WHAT IS NEEDED. Set down the data below in full and exactly, minus the pictures.

COLLECTED MATERIAL.
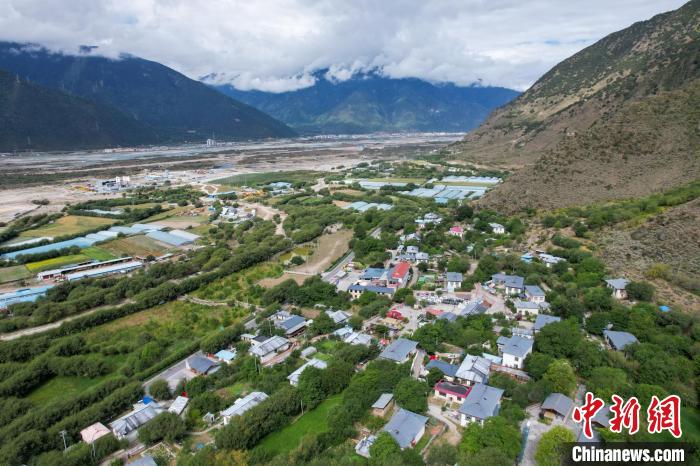 圖為航拍被綠蔭環(huán)繞的林芝嘎拉村風光。江飛波 攝
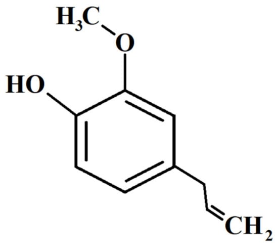 Eugenol is a clear to pale yellow liquid with an oily consistency and a spicy aroma. It is sparingly soluble in water and well soluble in organic solvents. Eugenol can be produced synthetically in two ways, one of which involves the allylation of guaiacol with allyl chloride. The biotechnological method is based on the biotransformation of a wide range of microorganisms, such as Corynebacterium spp., Streptomyces spp., and Escherichia coli [,,,].
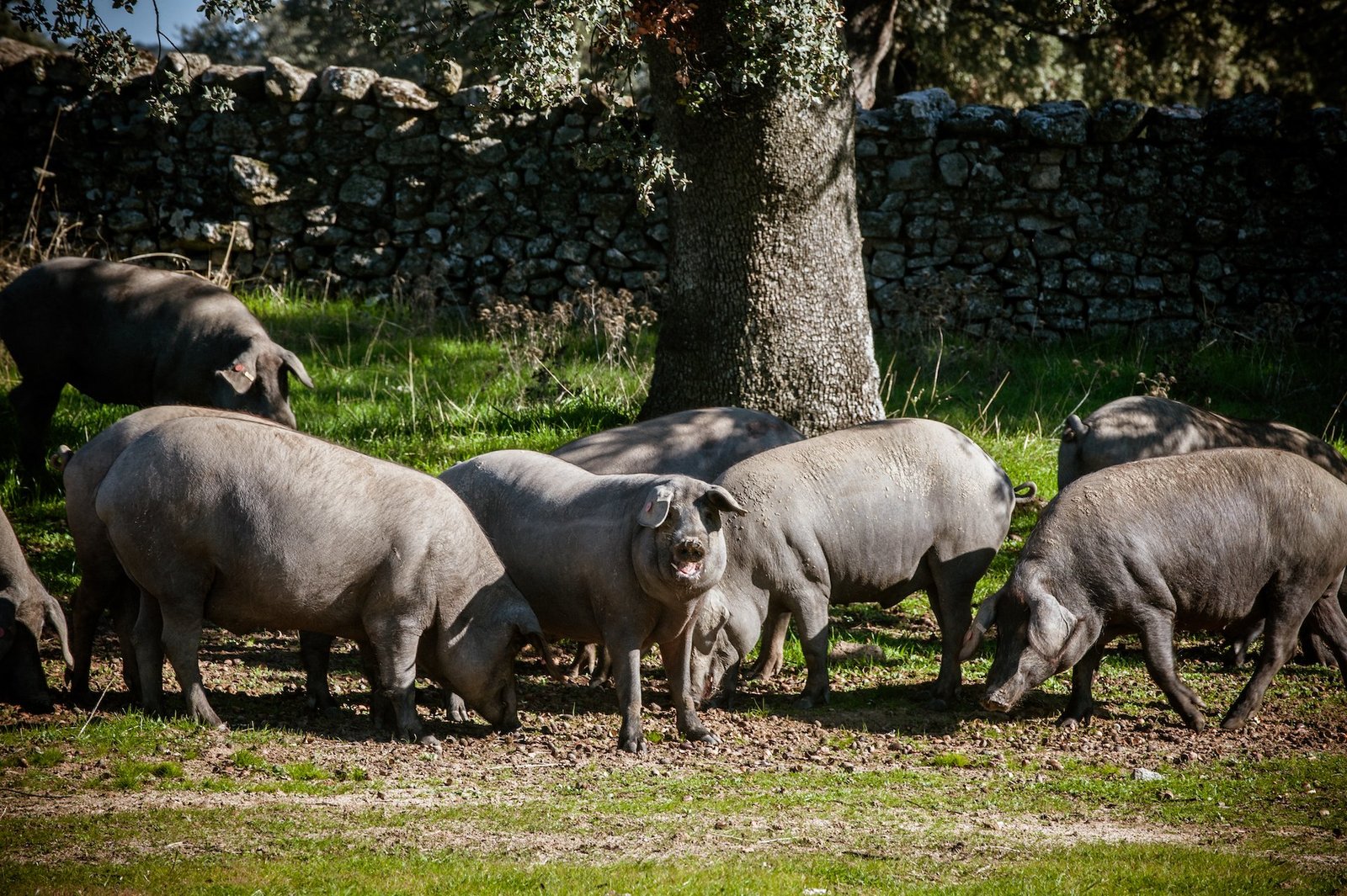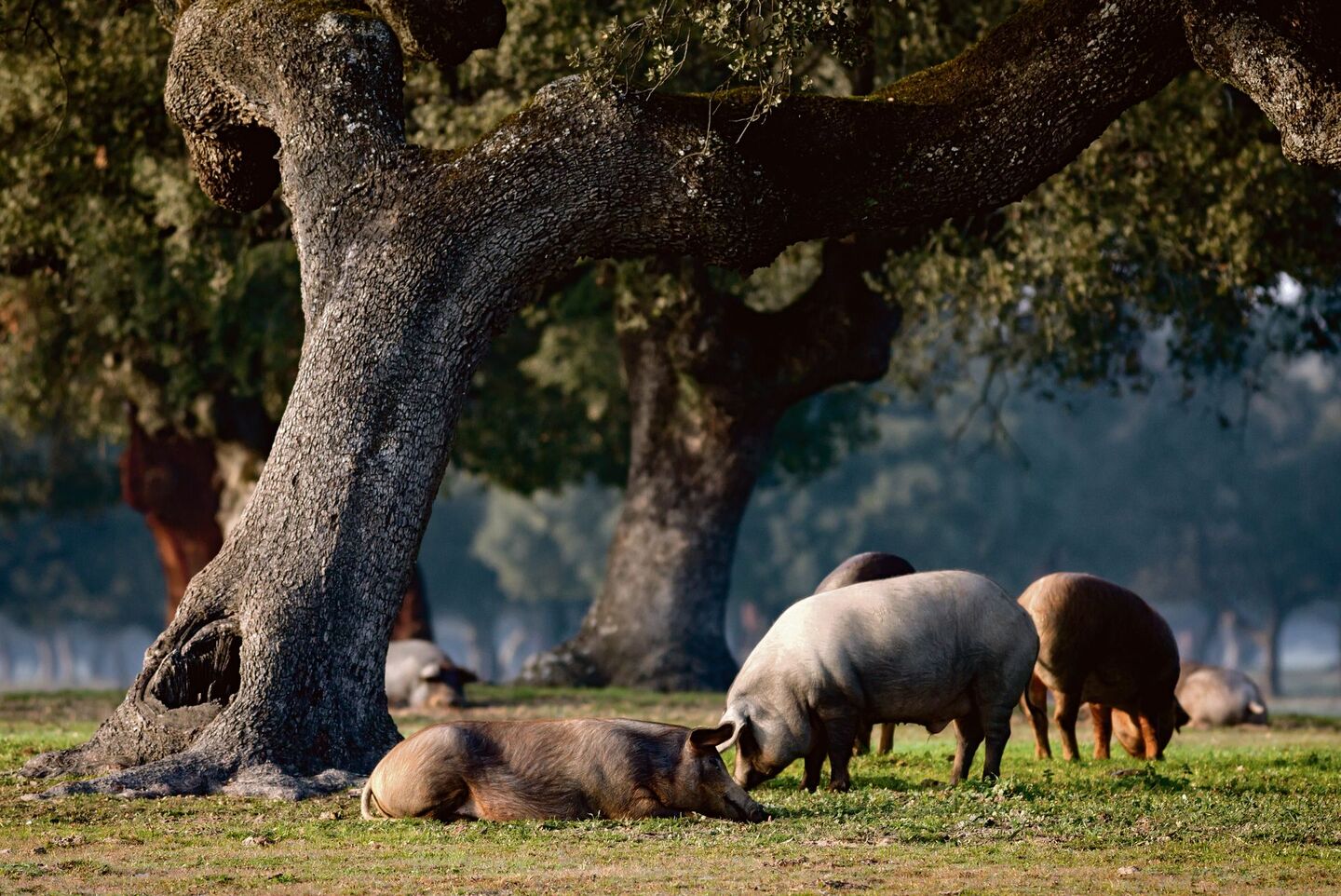 Die Dehesa in den südwestspanischen Regionen Andalusien und Extremadura sowie in den angrenzenden Gebieten Mittel- und Südportugals ist eine einzigartige Landschaft mit lichten Wäldern aus Stein- und Korkeichen. Sie ist bekannt für ihre Biodiversität mit über 40 Pflanzenarten und einer vielfältigen Vogelwelt. Gegen die Verbuschung des Kulturlands unverzichtbar sind Schafe, Ziegen, Rinder und eine der letzten europäischen Weideschweinrasse: das Cerdo Ibérico. Die schwarzen Iberischen Schweine haben Schlappohren und einen Rüssel, der im Vergleich zu jenem der landläufigen rosa Schweine lang ist.
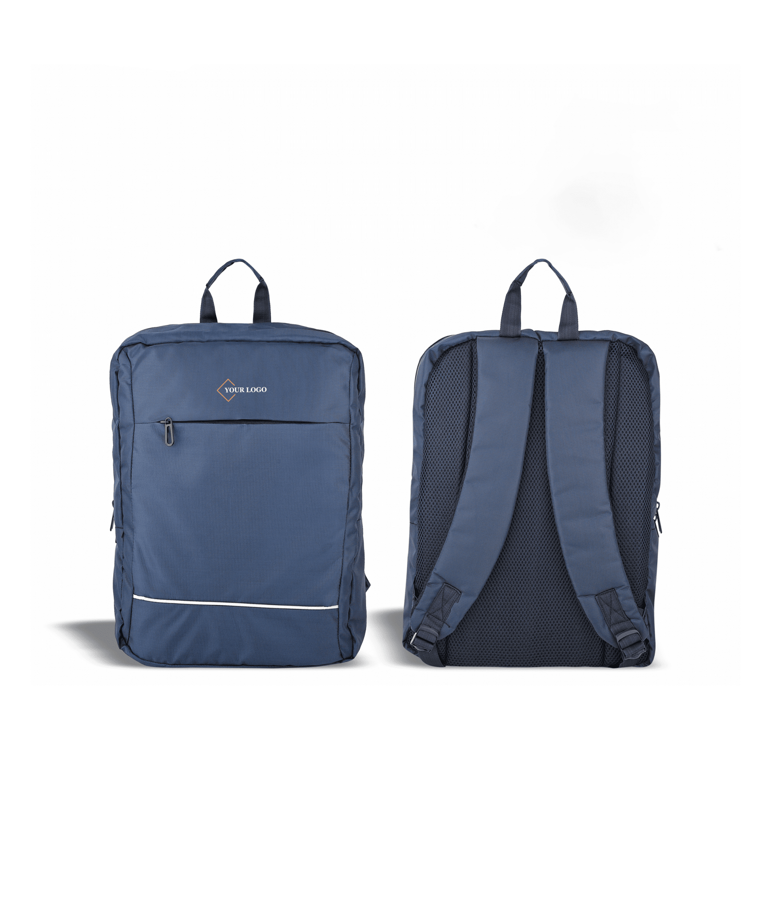 Its clean, minimalist exterior includes spacious main compartment that fits laptop, books, or documents, and secure front zipper pocket for essentials. reflective strip adds an extra touch of safety during evening travel. This sleek bag is ideal for employee welcome kits, college branding, or promotional giveaways where style meets utility.

REPLY.
 圖為航拍被綠蔭環(huán)繞的林芝嘎拉村風光。江飛波 攝
 Eugenol is a clear to pale yellow liquid with an oily consistency and a spicy aroma. It is sparingly soluble in water and well soluble in organic solvents. Eugenol can be produced synthetically in two ways, one of which involves the allylation of guaiacol with allyl chloride. The biotechnological method is based on the biotransformation of a wide range of microorganisms, such as Corynebacterium spp., Streptomyces spp., and Escherichia coli [,,,].
 Die Dehesa in den südwestspanischen Regionen Andalusien und Extremadura sowie in den angrenzenden Gebieten Mittel- und Südportugals ist eine einzigartige Landschaft mit lichten Wäldern aus Stein- und Korkeichen. Sie ist bekannt für ihre Biodiversität mit über 40 Pflanzenarten und einer vielfältigen Vogelwelt. Gegen die Verbuschung des Kulturlands unverzichtbar sind Schafe, Ziegen, Rinder und eine der letzten europäischen Weideschweinrasse: das Cerdo Ibérico. Die schwarzen Iberischen Schweine haben Schlappohren und einen Rüssel, der im Vergleich zu jenem der landläufigen rosa Schweine lang ist.
 Its clean, minimalist exterior includes spacious main compartment that fits laptop, books, or documents, and secure front zipper pocket for essentials. reflective strip adds an extra touch of safety during evening travel. This sleek bag is ideal for employee welcome kits, college branding, or promotional giveaways where style meets utility.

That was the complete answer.